* Exercise requirements:
Below are the records; return every line from the one that contains "Statement Green Color" to the last, exactly, skipping the pictures.

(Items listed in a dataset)
--- START ---
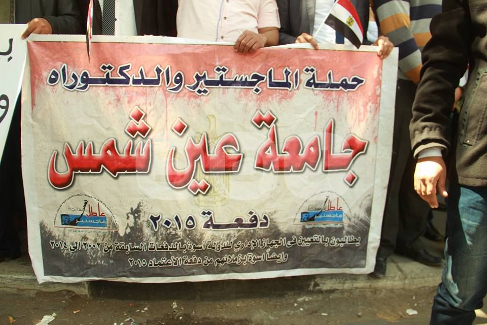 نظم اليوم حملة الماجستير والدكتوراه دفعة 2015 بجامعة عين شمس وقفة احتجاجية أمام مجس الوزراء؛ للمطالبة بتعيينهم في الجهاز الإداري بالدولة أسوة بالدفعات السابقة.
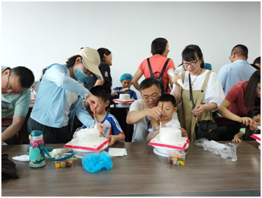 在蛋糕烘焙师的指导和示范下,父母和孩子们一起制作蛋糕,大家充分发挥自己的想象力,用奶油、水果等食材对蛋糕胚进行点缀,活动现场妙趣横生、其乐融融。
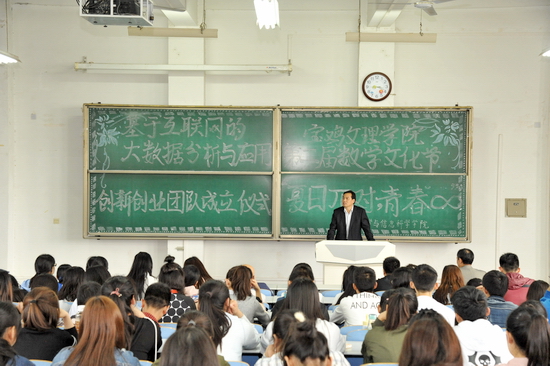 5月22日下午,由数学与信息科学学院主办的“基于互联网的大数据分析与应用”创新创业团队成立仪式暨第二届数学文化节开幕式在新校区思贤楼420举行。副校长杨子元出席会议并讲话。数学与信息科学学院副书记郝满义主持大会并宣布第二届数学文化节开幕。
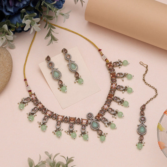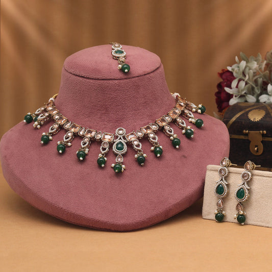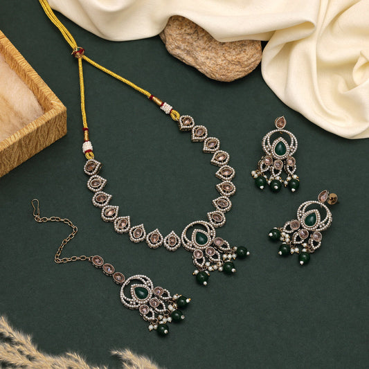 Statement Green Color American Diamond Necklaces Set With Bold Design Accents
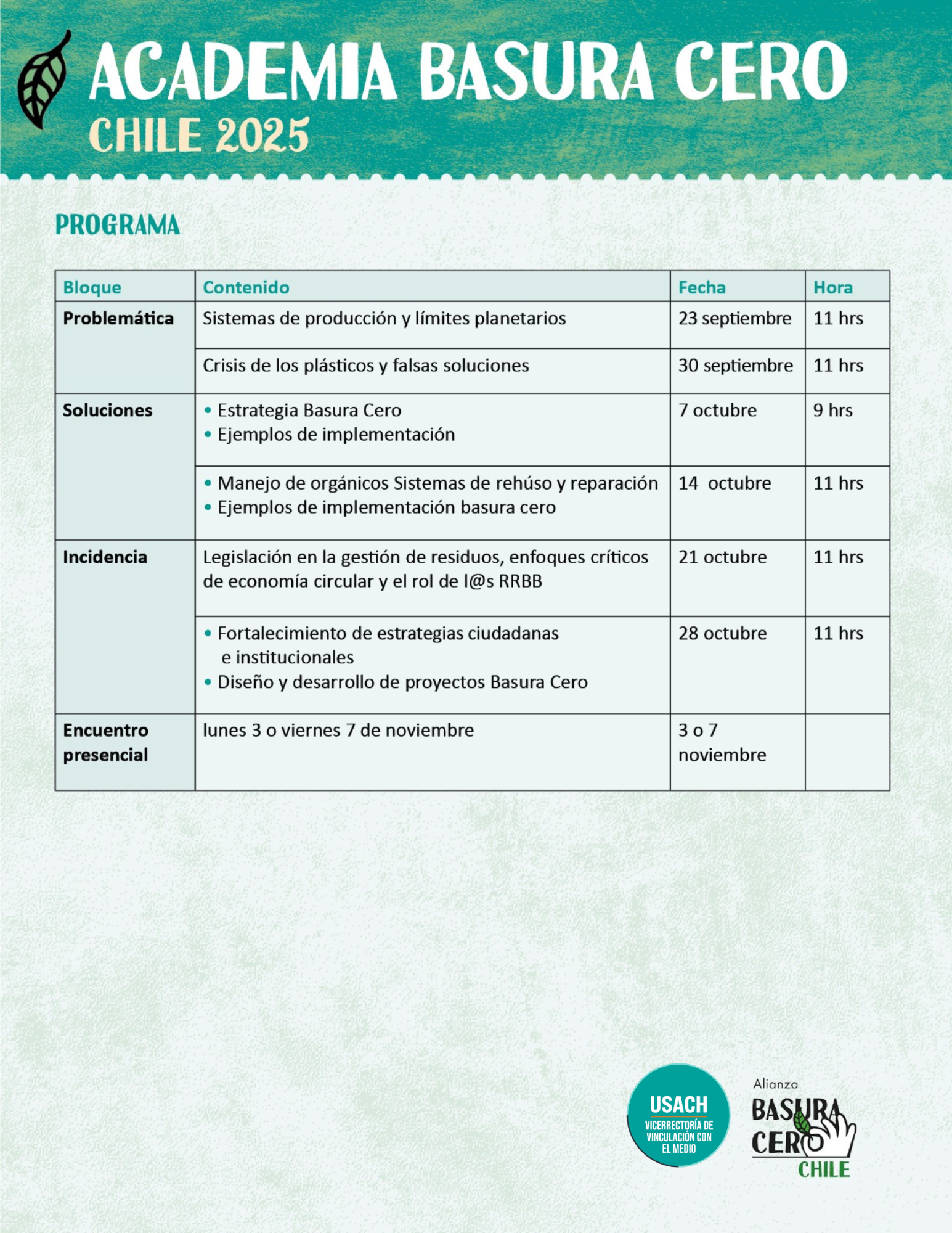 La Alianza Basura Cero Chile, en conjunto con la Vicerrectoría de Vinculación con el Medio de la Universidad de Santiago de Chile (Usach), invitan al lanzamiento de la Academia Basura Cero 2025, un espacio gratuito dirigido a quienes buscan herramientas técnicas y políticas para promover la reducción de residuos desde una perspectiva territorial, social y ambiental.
--- END ---
* Problem solution:
 Statement Green Color American Diamond Necklaces Set With Bold Design Accents
 La Alianza Basura Cero Chile, en conjunto con la Vicerrectoría de Vinculación con el Medio de la Universidad de Santiago de Chile (Usach), invitan al lanzamiento de la Academia Basura Cero 2025, un espacio gratuito dirigido a quienes buscan herramientas técnicas y políticas para promover la reducción de residuos desde una perspectiva territorial, social y ambiental.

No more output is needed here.